> _THE TASK_: Please repeat, from the entries that follow, the lines from the one containing "Ethno Halsketten aus Holz mit Glas Cabochon" through the one containing "Με λευκές μάσκες" exactly, adding nothing.

> _MATERIALS PROVIDED_:
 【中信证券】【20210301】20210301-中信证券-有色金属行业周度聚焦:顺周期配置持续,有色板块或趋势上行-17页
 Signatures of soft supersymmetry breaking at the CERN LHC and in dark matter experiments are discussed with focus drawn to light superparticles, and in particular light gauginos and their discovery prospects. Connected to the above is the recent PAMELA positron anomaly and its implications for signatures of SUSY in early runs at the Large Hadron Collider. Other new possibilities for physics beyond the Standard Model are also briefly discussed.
...
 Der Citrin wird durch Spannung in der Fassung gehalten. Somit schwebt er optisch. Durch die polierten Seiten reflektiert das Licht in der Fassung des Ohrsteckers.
==
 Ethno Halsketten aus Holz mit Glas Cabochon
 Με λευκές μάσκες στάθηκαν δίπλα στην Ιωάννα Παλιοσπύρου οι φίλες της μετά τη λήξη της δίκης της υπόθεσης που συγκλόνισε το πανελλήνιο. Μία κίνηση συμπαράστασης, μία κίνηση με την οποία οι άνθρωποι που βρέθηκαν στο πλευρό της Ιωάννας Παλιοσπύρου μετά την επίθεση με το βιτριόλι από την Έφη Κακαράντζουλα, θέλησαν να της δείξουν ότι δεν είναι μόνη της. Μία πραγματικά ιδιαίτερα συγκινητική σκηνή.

> _EXPECTED ANSWER_:
 Ethno Halsketten aus Holz mit Glas Cabochon
 Με λευκές μάσκες στάθηκαν δίπλα στην Ιωάννα Παλιοσπύρου οι φίλες της μετά τη λήξη της δίκης της υπόθεσης που συγκλόνισε το πανελλήνιο. Μία κίνηση συμπαράστασης, μία κίνηση με την οποία οι άνθρωποι που βρέθηκαν στο πλευρό της Ιωάννας Παλιοσπύρου μετά την επίθεση με το βιτριόλι από την Έφη Κακαράντζουλα, θέλησαν να της δείξουν ότι δεν είναι μόνη της. Μία πραγματικά ιδιαίτερα συγκινητική σκηνή.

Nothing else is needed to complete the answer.